TCM, 1:30 p.m. ET
Henry Fonda makes a wonderful President of the United States, and Larry Hagman an efficient yet very nervous interpreter, in this thrilling 1964 movie about a Cold War face-off gone to the most serious of extremes. Stanley Kubrick’s Dr. Strangelove mined this same subject for laughs, but Fail-Safe, directed by Sidney Lumet, was dead serious. And was, and still is, seriously dramatic.
Lifetime Movie Network, 8:00 p.m. ET
This isn’t a recommendation, really, because this made-for-TV movie isn’t very good. Alyssa Milano stars as Amy Fisher, the titular underage “Long Island Lolita,” and Jack Scalia plays Joey Buttafuoco, the older lover whose wife Amy shot, but not fatally. This 1993 CBS telemovie told things from Joey’s point of view – but what’s noteworthy, from my point of view, is that all three major broadcast networks took a crack at this same story at about the same time. NBC’s Amy Fisher: My Story took her side, and the best of them, ABC’s The Amy Fisher Story, played it objectively – and starred Drew Barrymore.
TCM, 8:00 p.m. ET
Vincente Minnelli directed this lavish 1953 movie musical, which stars Fred Astaire in the story of a Broadway hoofer whose latest stage vehicle gets hijacked by an absurdly pretentious director. It’s all just an excuse to go crazy, visually and otherwise, and when Astaire is dancing with Cyd Charisse, they do just that.
BBC America, 9:00 p.m. ET
SEASON PREMIERE: The Daleks, the oldest adversaries in the Doctor Who firmament, are back again, as is the good Doctor. Just in time, to get September started in style. Matt Smith stars.

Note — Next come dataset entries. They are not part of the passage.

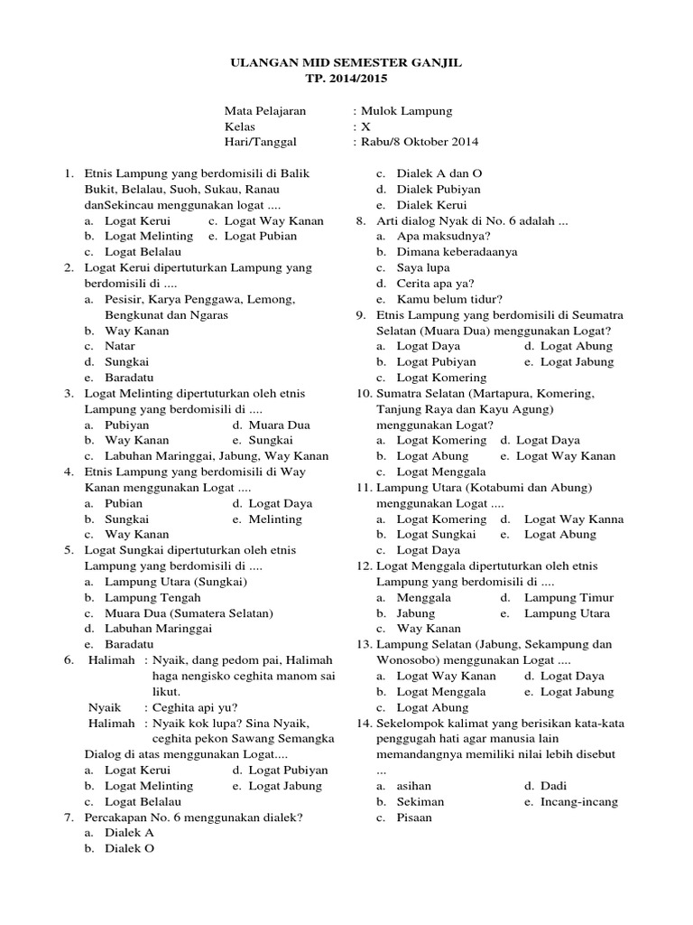 Soal bahasa lampung kelas 10 semester 1 dan kunci jawaban.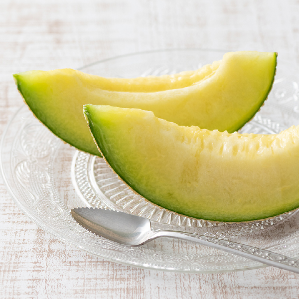 静岡県西部・袋井市一帯で育てられるマスクメロンの最高峰"クラウンメロン"。太陽の光を活かすよう開発されたガラス温室の中、1本の木に1つの実だけを厳選し、全ての養分をその1玉に集中させ育てられます。また、出荷の際には形状・糖度・大きさ等の厳しい検査が行われ、その基準をクリアしたものだけにクラウン(王冠)マークのシールが与えられるのです。静岡が誇るクラウンメロンの優美な香りととろける甘みをご堪能ください。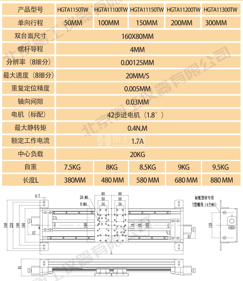 HGTA11TW 系列雙向電動平移臺
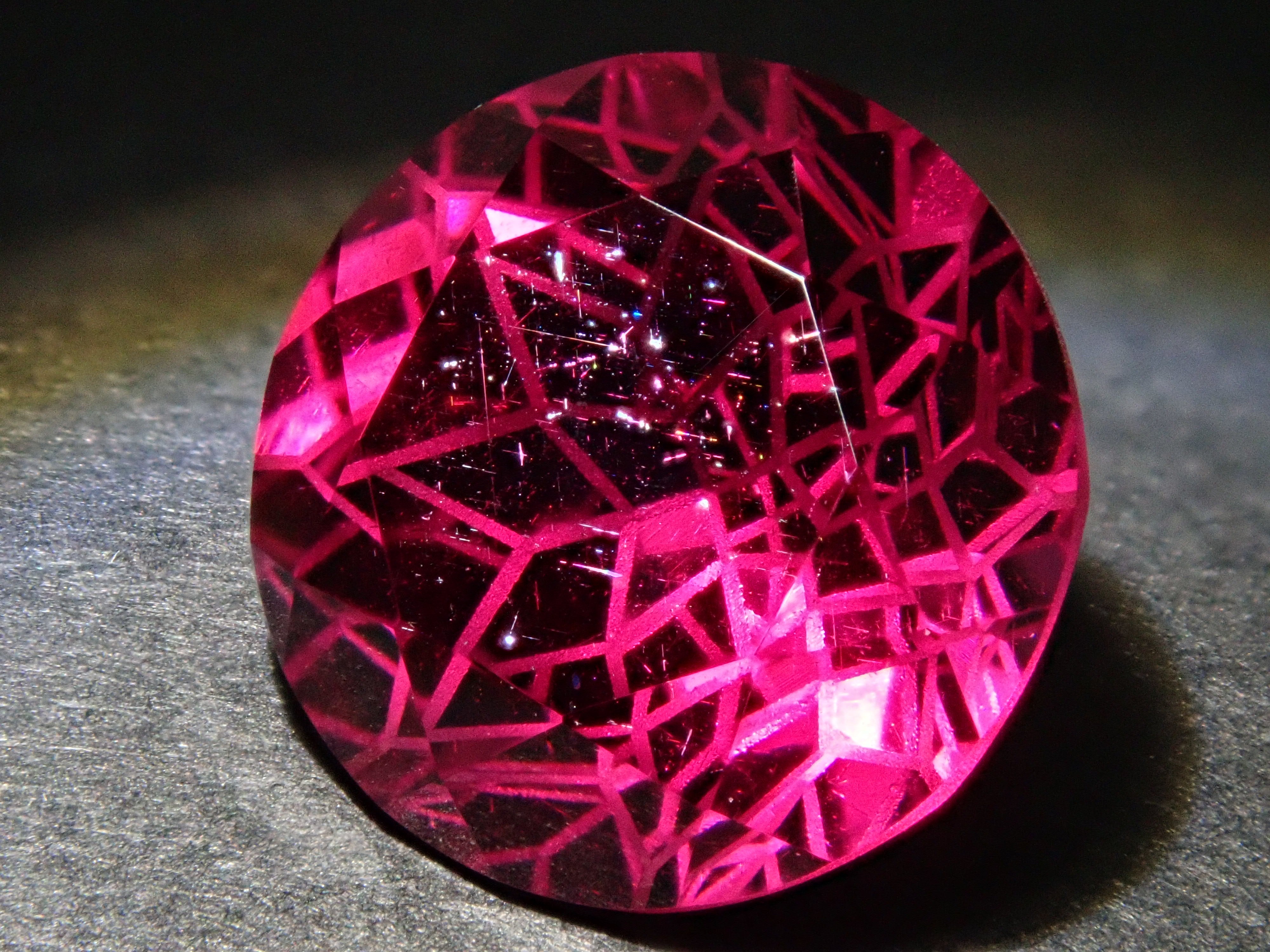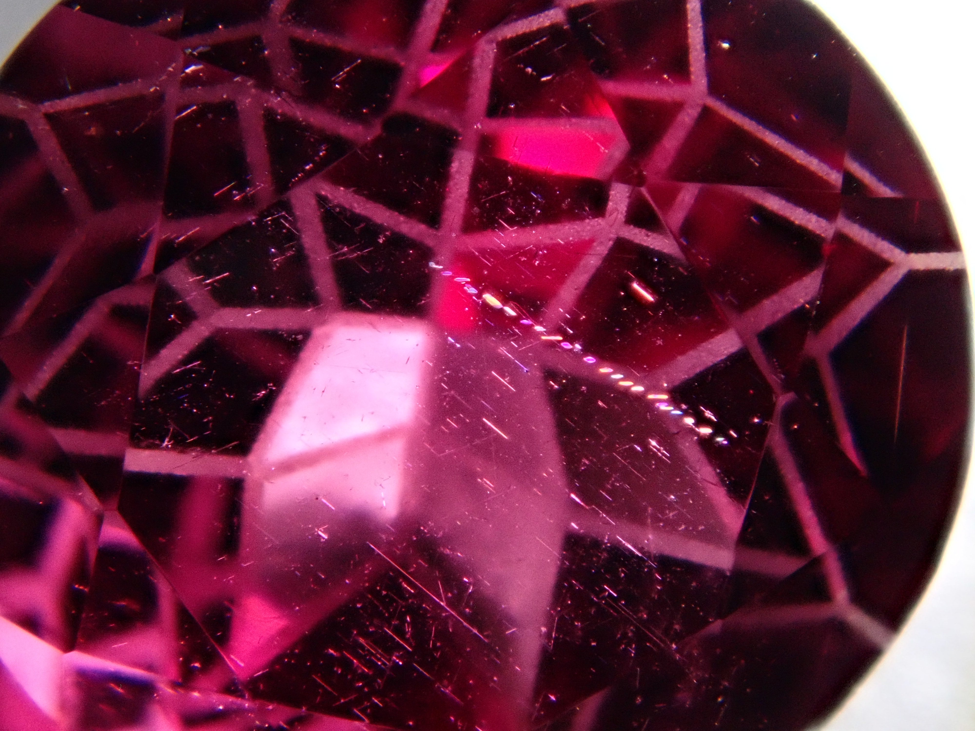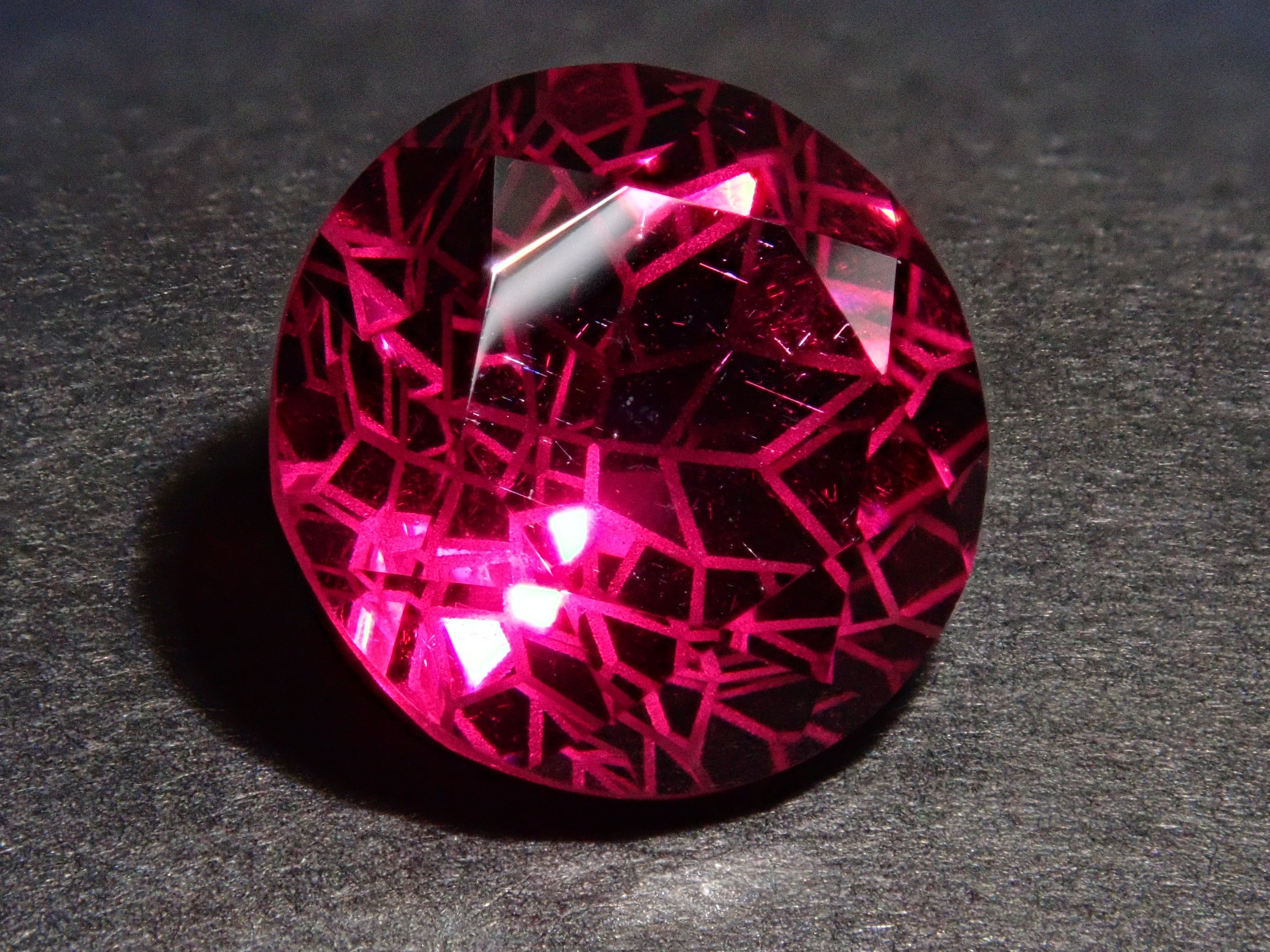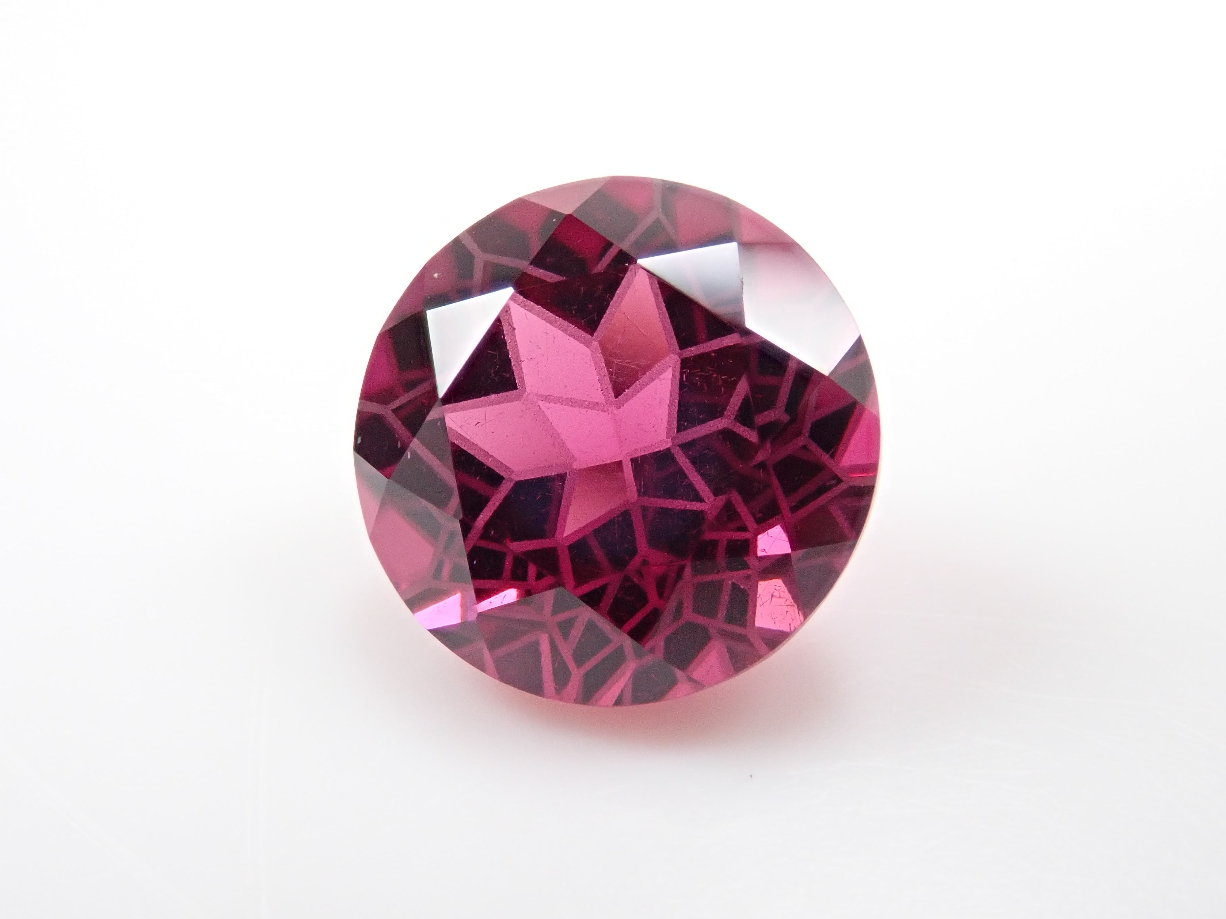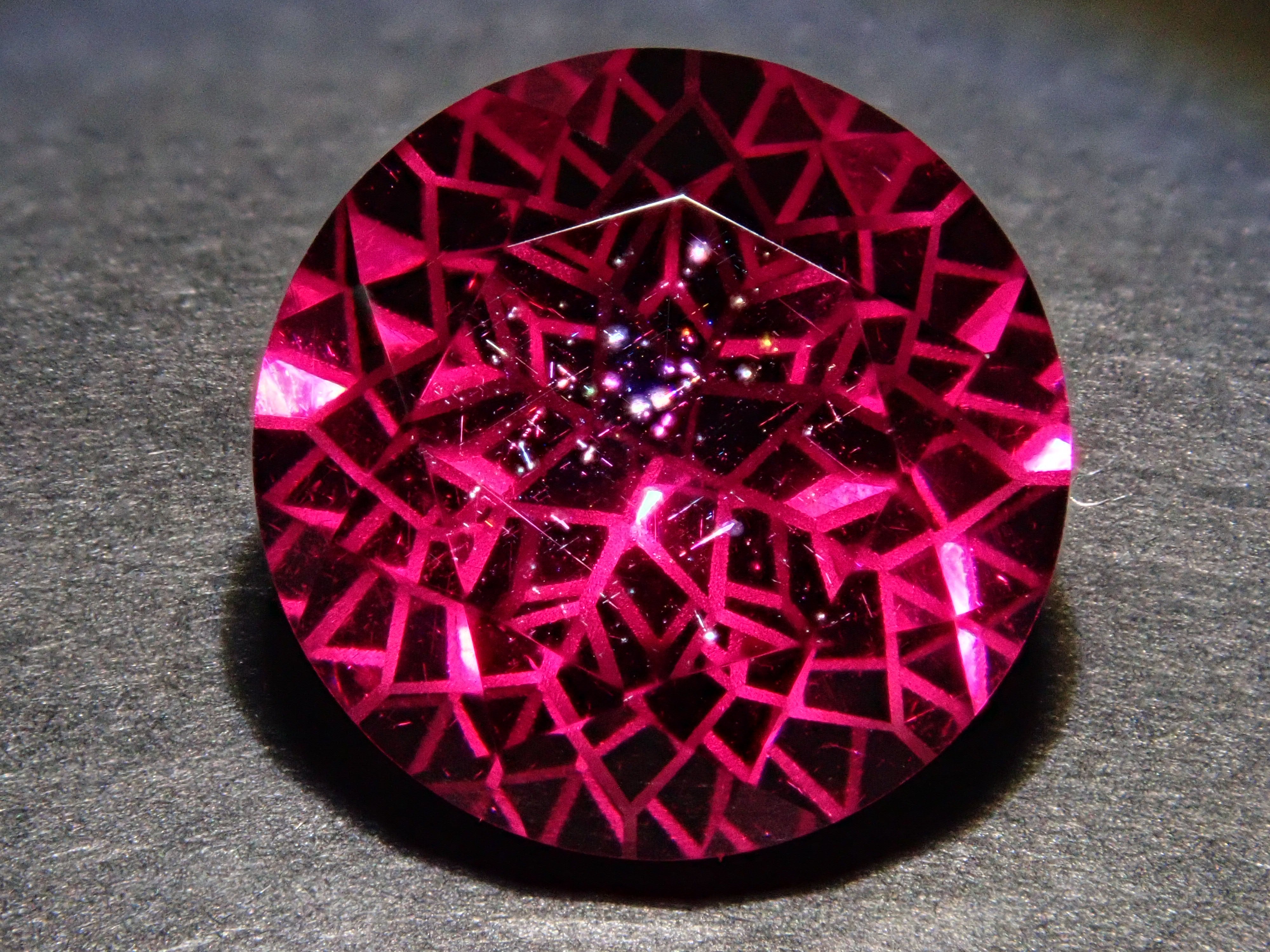 這是一顆9毫米蒲公英切割的鎂鋁榴石,由清水奇蹟(Shimizu Kiseki)打造。這是清水奇蹟與KARATZ合作的作品。

Comedy Central, 10:38 p.m. ET
If you have come to fully accept Jeff Daniels as the very intelligent Will McAvoy in HBO’s The Newsroom, which just concluded its first season, revisit this 1994 Farrelly Brothers comedy, to watch him keep up with Jim Carrey in the acting stupid department. And, in this case at least, that’s acting stupid, not stupid acting.